User: "Scrape https://example.com"
Claude will automatically:
1. Phase 0: curl raw HTML — detect framework, search for data points, check sitemaps
2. QUALITY GATE: All data in HTML? → Skip browser, go to validation
3. Phase 1: Launch stealth browser (only if needed) — capture traffic, rendered DOM
4. Phase 2: Deep scan (only for missing data) — test interactions, sniff APIs
5. Phase 3: Validate every finding — test selectors, replay APIs, confirm paths
6. Phase 4: Protection testing (only if signals detected or user requested)
7. Phase 5: Generate intelligence report with self-critique
8. Implement recommended approach iteratively
9. Test with small batch, then scale
User: "Make this an Apify Actor"
Claude will:
1. Recommend TypeScript (strongly)
2. Guide through `apify create` command
3. Help choose appropriate template (Cheerio vs Playwright)
4. Port scraping logic to Actor format
5. Configure input schema
6. Test and deploy
web-scraping/
├── SKILL.md # Main entry point (proactive workflow)
├── workflows/ # Implementation patterns
│ ├── reconnaissance.md # Phase 1 interactive reconnaissance (CRITICAL)

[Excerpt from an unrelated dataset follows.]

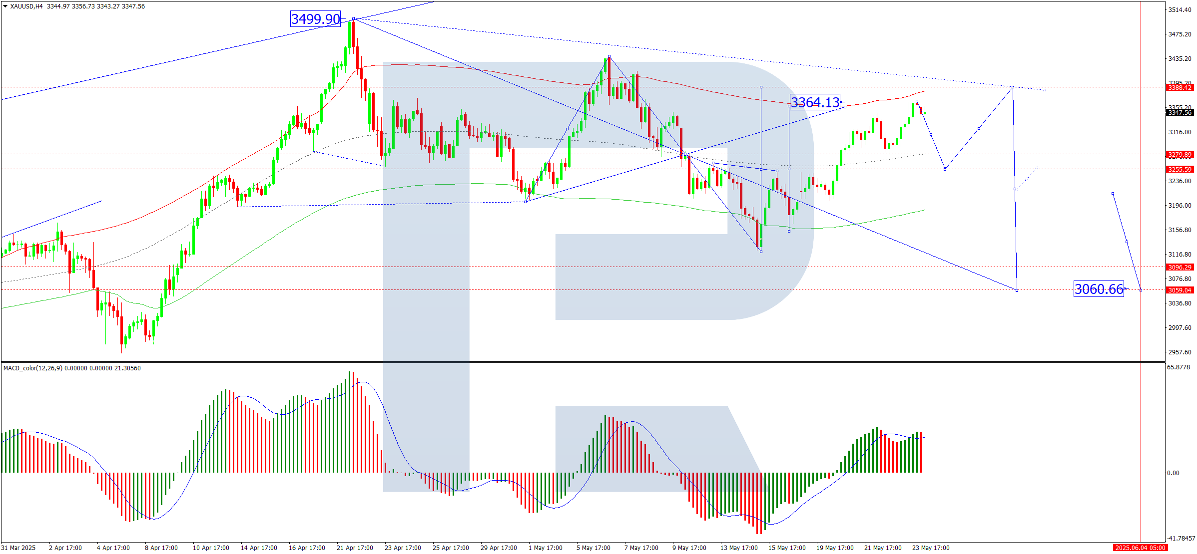 On the H4 chart, XAU/USD found support at 3,280 before rallying to 3,364. A corrective pullback towards 3,255 is possible today, followed by a potential upward move to 3,388. This scenario is supported by the MACD indicator, whose signal line has exited the histogram zone and is now pointing decisively downward.

│ ├── implementation.md # Phase 4 iterative implementation
│ └── productionization.md # Phase 5 Actor creation
├── strategies/ # Deep-dive guides
│ ├── framework-signatures.md # Framework detection lookup tables
│ ├── cheerio-vs-browser-test.md # Cheerio vs Browser decision + early exit
│ ├── proxy-escalation.md # Protection testing skip/run conditions
│ ├── traffic-interception.md # MITM proxy traffic capture
│ ├── sitemap-discovery.md # 60x faster URL discovery
│ ├── api-discovery.md # 10-100x faster than scraping
│ ├── dom-scraping.md # DevTools bridge + humanizer
│ ├── cheerio-scraping.md # HTTP-only (5x faster)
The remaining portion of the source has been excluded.